[[ EXCERPTED RECORDS open ]]

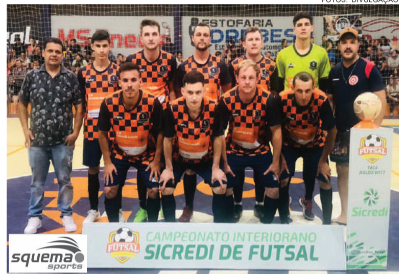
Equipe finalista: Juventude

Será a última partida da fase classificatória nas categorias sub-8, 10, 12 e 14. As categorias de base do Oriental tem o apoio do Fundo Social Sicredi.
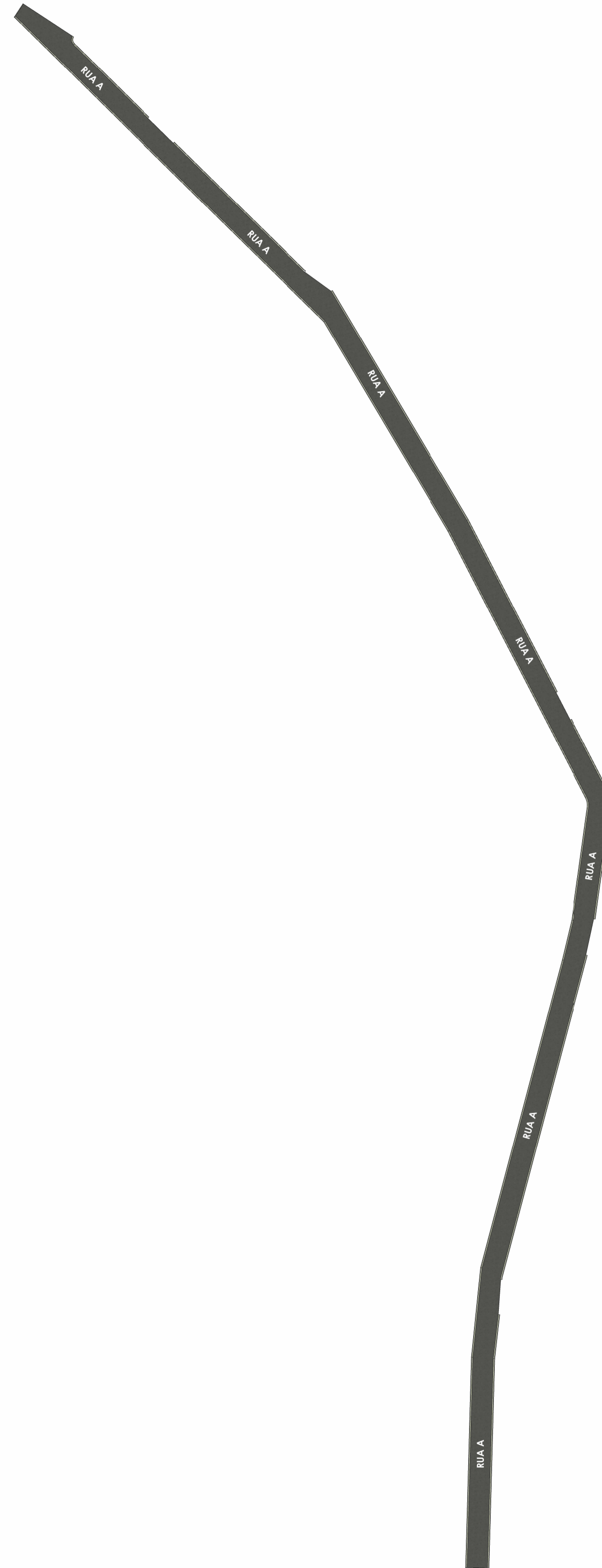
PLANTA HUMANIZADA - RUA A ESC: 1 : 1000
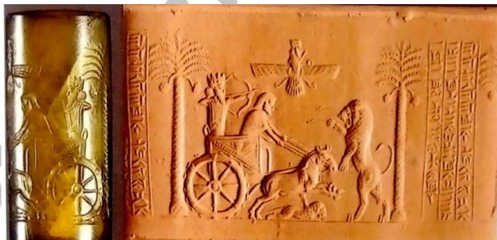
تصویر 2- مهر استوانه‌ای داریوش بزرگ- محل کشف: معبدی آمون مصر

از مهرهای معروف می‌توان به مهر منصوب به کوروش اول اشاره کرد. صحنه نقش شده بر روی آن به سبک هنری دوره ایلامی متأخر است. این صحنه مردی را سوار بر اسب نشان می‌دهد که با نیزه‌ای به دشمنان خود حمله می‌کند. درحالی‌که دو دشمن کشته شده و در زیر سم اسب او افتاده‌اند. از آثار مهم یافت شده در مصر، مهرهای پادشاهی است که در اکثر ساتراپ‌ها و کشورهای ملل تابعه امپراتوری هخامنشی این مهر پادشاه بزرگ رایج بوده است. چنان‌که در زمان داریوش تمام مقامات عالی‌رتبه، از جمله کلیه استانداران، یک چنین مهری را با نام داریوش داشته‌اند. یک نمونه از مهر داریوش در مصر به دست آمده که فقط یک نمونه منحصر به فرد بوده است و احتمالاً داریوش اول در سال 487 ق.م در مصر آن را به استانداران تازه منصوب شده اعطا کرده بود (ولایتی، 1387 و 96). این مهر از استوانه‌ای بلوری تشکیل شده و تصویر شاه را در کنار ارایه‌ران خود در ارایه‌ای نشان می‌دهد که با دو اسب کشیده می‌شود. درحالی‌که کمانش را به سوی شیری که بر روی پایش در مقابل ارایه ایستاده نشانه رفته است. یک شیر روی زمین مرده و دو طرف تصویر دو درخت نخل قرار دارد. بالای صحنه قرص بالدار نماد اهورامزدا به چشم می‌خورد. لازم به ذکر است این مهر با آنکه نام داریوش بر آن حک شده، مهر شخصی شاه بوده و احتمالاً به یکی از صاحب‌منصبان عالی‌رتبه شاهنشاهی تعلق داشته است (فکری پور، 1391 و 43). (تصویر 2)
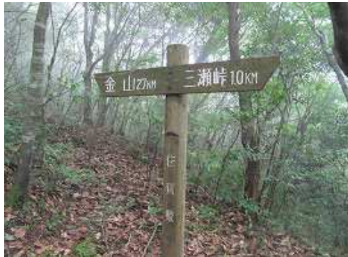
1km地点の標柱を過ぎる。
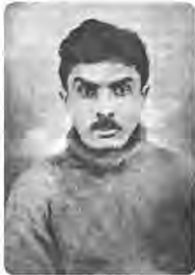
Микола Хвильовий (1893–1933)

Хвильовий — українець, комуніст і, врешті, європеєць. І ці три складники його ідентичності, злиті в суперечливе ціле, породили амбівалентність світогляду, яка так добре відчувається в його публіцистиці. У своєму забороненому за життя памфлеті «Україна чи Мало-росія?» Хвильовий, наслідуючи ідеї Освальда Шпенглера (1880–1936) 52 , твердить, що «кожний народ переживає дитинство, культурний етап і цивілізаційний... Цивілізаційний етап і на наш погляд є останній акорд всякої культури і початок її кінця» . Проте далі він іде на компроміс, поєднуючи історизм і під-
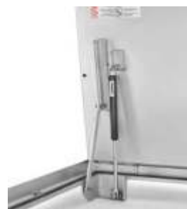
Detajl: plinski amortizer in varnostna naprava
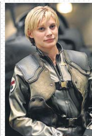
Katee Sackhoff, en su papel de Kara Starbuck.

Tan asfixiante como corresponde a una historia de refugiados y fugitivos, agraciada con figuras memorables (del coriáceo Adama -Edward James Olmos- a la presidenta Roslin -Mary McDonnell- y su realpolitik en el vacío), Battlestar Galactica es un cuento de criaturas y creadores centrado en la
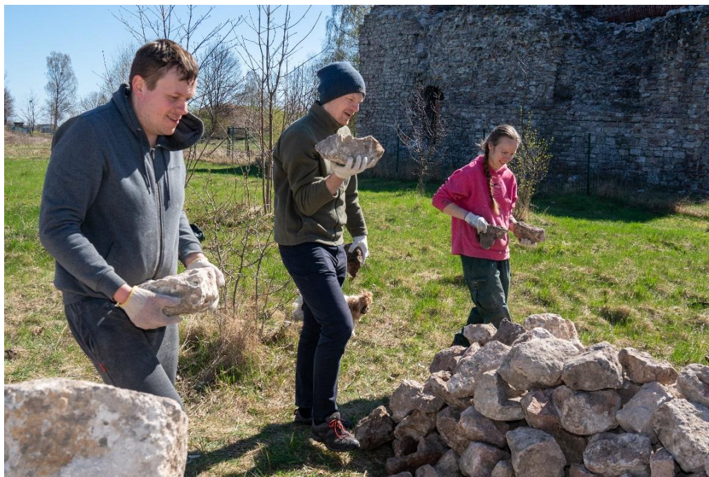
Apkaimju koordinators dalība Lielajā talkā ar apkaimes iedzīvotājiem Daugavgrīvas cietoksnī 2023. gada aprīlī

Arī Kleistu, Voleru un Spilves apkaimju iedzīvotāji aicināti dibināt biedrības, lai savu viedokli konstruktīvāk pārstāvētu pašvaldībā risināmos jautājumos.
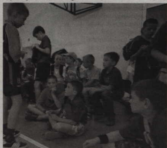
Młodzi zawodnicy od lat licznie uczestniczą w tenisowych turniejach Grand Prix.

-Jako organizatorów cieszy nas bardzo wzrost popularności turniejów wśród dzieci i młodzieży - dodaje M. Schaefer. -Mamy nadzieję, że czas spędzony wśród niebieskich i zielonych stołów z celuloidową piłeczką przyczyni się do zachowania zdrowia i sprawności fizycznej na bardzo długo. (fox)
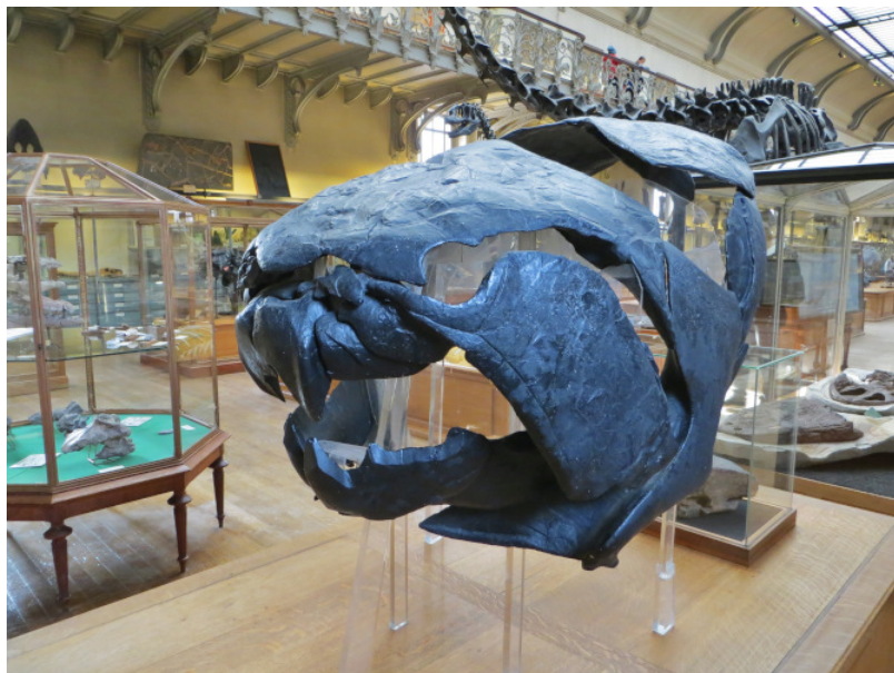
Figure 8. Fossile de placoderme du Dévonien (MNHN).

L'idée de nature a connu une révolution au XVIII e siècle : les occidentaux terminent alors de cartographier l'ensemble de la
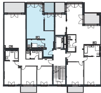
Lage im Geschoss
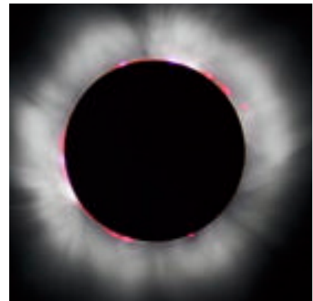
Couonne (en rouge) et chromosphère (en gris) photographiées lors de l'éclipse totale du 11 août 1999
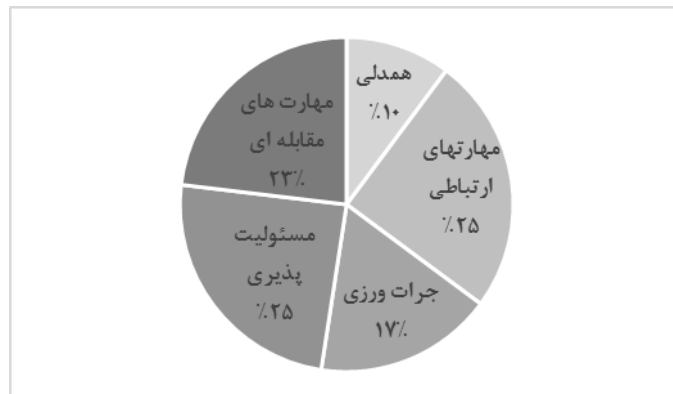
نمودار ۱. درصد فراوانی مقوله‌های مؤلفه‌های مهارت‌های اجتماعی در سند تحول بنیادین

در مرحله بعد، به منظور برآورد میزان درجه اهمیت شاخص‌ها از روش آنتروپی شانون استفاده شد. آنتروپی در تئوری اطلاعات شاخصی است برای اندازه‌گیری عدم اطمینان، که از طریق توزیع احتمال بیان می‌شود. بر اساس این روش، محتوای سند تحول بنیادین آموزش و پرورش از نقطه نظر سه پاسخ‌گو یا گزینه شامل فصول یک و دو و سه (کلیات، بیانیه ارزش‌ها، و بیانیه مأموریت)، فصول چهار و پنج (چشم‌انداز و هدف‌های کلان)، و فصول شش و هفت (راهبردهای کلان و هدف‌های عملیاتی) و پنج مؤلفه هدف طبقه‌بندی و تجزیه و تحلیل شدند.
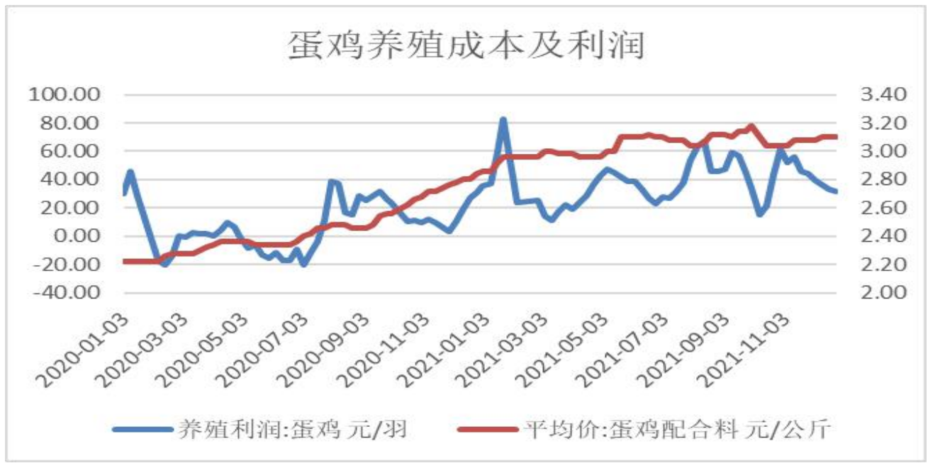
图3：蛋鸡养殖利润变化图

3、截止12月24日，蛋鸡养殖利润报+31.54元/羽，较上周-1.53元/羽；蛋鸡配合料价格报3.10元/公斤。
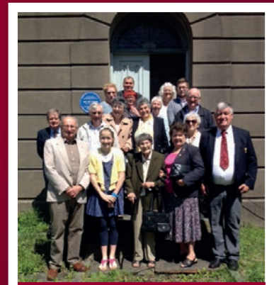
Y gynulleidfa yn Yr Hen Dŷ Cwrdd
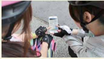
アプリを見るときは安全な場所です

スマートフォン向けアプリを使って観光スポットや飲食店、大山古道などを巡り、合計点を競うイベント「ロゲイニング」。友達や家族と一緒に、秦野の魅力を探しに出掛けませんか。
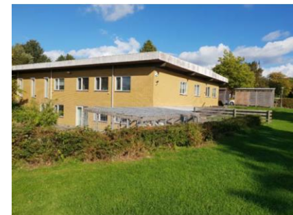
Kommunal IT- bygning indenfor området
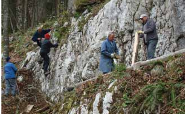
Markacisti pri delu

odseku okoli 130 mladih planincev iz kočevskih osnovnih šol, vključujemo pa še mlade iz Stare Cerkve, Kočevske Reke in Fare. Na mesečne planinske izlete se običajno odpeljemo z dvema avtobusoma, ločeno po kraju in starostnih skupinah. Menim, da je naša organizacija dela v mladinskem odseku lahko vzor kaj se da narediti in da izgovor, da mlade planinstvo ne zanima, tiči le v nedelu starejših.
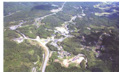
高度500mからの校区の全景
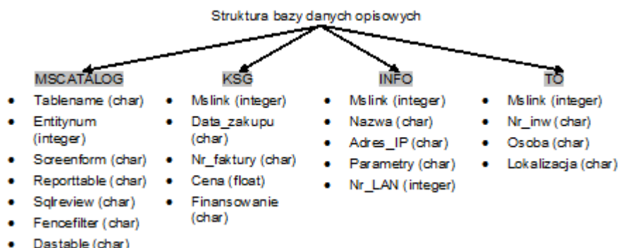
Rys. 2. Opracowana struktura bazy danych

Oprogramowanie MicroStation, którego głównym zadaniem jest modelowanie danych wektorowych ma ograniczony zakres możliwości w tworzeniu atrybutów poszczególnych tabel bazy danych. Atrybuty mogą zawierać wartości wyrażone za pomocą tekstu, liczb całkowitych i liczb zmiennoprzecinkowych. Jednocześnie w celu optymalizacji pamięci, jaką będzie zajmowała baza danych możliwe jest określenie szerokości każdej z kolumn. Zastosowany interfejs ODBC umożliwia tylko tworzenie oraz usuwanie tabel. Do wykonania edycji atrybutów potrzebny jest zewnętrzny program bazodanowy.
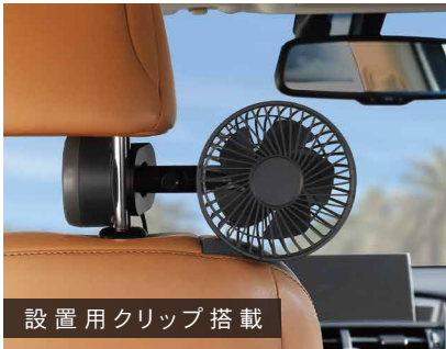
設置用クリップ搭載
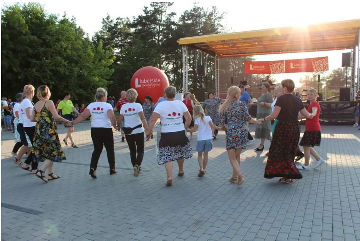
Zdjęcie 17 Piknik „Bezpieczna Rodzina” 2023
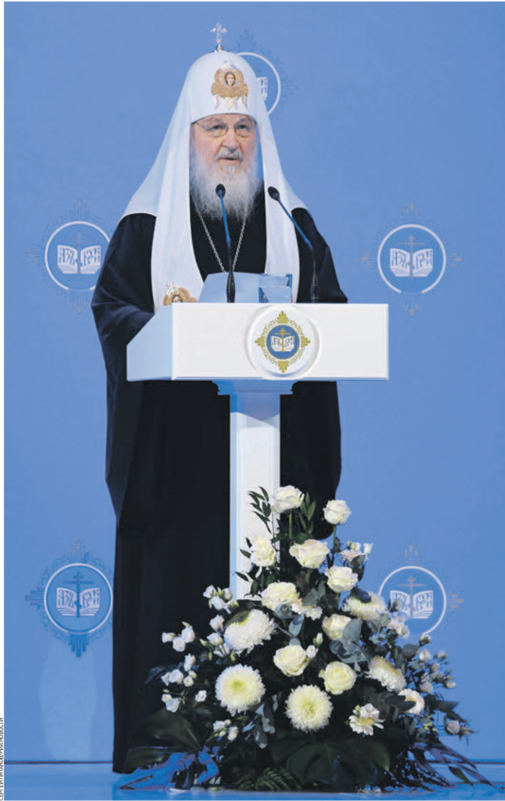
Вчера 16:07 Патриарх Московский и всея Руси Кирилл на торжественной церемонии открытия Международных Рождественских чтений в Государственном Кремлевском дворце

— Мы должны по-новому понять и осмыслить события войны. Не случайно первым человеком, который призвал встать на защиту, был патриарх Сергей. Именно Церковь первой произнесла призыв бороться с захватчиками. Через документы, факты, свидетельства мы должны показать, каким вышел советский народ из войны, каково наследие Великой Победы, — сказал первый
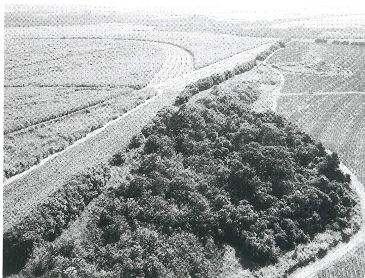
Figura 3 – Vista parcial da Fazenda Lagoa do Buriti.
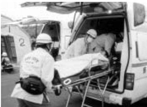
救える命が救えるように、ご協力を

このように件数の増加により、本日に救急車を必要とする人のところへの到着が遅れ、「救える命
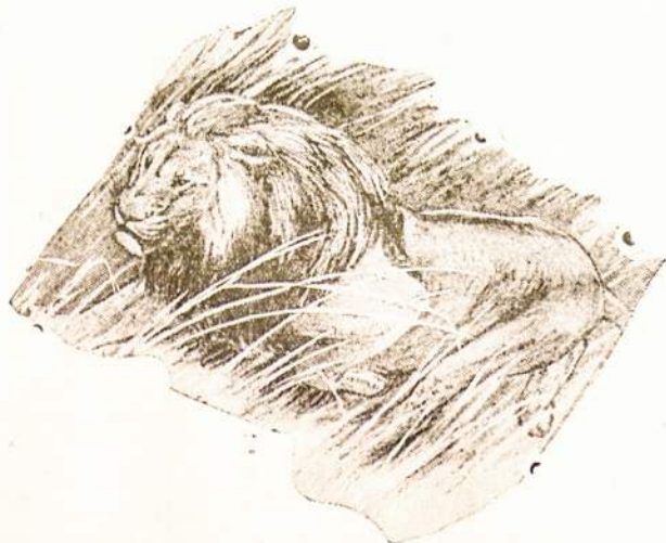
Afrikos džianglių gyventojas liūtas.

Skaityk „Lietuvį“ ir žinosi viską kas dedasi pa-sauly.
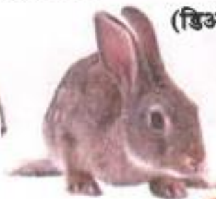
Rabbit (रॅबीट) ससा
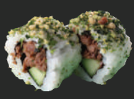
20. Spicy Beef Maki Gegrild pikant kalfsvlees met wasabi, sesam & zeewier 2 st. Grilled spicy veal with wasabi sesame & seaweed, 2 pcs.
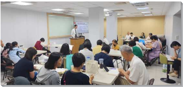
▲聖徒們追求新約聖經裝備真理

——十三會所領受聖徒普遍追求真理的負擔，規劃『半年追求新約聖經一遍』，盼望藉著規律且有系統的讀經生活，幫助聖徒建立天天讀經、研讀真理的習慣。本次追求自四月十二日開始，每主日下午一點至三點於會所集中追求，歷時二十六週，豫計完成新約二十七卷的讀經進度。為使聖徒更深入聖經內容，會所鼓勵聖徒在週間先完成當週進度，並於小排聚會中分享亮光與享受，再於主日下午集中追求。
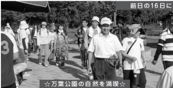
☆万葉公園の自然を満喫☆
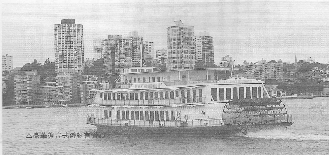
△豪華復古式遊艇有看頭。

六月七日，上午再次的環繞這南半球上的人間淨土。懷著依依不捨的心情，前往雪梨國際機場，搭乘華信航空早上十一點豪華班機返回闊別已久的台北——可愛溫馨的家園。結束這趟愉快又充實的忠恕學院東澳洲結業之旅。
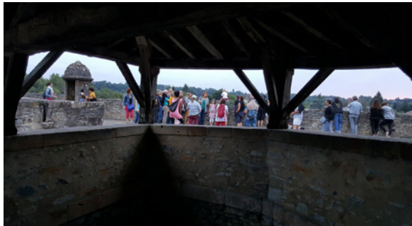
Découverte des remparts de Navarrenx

[[ EXCERPTED RECORDS closed ]]

WHAT THE EXERCISE ASKS
Everything above from the line containing "odseku okoli 130" through the line containing "Rys. 2. Opracowana struktura bazy danych" must be repeated exactly, and the pictures must be left out.

RESULT
odseku okoli 130 mladih planincev iz kočevskih osnovnih šol, vključujemo pa še mlade iz Stare Cerkve, Kočevske Reke in Fare. Na mesečne planinske izlete se običajno odpeljemo z dvema avtobusoma, ločeno po kraju in starostnih skupinah. Menim, da je naša organizacija dela v mladinskem odseku lahko vzor kaj se da narediti in da izgovor, da mlade planinstvo ne zanima, tiči le v nedelu starejših.
高度500mからの校区の全景
Rys. 2. Opracowana struktura bazy danych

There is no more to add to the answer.